The unit specifically deals with:
- CBT and depression
- CBT and obsessive compulsive disorder
- CBT and PTSD
- CBT and panic disorders
- CBT and phobias and fears
Unit 15: CBT: Internal and external contributing factors
Learning hours: 150
Researchers believe that personality may play a role in the development of an anxiety disorder, noting that people who have low self-esteem and poor coping skills may be more prone. Conversely, an anxiety disorder that begins in childhood may itself contribute to the development of low self-esteem. This could therefore be viewed as a cyclical process or mechanism. Those who live with high levels of anxiety will tend to focus solely on their symptoms of anxiety or negative stimulus, often looking for negative stimulus that is not there, or perceiving situations out of context.

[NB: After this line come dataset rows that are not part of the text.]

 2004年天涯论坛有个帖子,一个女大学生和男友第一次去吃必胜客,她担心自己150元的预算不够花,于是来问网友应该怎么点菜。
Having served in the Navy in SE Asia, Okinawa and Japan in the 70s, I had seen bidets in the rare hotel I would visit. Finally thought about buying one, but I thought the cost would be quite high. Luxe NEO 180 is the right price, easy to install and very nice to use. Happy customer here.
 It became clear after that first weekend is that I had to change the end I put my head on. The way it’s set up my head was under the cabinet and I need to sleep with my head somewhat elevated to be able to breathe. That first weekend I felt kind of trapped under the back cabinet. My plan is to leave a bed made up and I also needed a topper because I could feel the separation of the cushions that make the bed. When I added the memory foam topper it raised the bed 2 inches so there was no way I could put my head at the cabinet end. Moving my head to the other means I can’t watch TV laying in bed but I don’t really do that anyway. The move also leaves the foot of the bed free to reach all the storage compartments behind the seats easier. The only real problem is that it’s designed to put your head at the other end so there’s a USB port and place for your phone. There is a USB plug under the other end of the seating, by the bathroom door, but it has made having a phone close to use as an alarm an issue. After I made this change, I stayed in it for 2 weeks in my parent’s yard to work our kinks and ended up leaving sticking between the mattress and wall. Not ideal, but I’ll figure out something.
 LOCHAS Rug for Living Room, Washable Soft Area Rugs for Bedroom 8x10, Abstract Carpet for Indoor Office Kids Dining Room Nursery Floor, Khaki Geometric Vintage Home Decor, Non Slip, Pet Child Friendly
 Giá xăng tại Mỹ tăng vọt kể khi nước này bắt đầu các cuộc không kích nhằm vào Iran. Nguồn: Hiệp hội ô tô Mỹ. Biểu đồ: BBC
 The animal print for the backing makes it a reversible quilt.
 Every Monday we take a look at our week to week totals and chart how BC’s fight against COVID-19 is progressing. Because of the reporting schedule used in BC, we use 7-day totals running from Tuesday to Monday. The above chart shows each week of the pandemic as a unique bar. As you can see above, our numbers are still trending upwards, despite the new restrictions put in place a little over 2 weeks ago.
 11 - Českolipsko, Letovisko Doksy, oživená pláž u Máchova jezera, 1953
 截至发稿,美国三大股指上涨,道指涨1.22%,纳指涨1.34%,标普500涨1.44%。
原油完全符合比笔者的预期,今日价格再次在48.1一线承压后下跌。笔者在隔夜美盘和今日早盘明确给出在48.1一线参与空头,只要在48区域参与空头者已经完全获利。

Researchers believe that the relationship between anxiety disorders and long-term exposure to abuse, violence, or poverty is an important research area and these exposures may directly contribute to raised anxiety levels, and an individual's susceptibility to these disorders
It has been suggested that there are particular experiences, including heredity that can result in developing a predisposition to developing high levels of anxiety or an anxiety disorder. Once this predisposition has been established, there are definitive environmental situations and factors which precipitate or contribute to, precipitate high levels of anxiety
This unit explores these factors and presents approaches and strategies within CBT to address them
Unit 16: CBT: The intervention approaches
Learning hours: 150
If one accepts that maladaptive behaviour patterns (due to irrational thoughts or beliefs) are the result of previous reinforcement of some kind, then the behaviour is a conditioned one. Therefore these patterns should be able to be reversed by using the same processes, in other words by using reinforcers or conditioning. The following are some interventions which are used in the reversal process:
- Increased expectancies through observational learning.
- Self-instruction to alter expectancies and outcomes.
- Recognition of maladaptive thoughts and beliefs, and adjustments.
- Rejection of negativity.
- Confronting stressors.
- Relaxation and focusing exercises.
This unit explores these interventional approaches and discusses specialist professional skills requirements for effective delivery of the programme.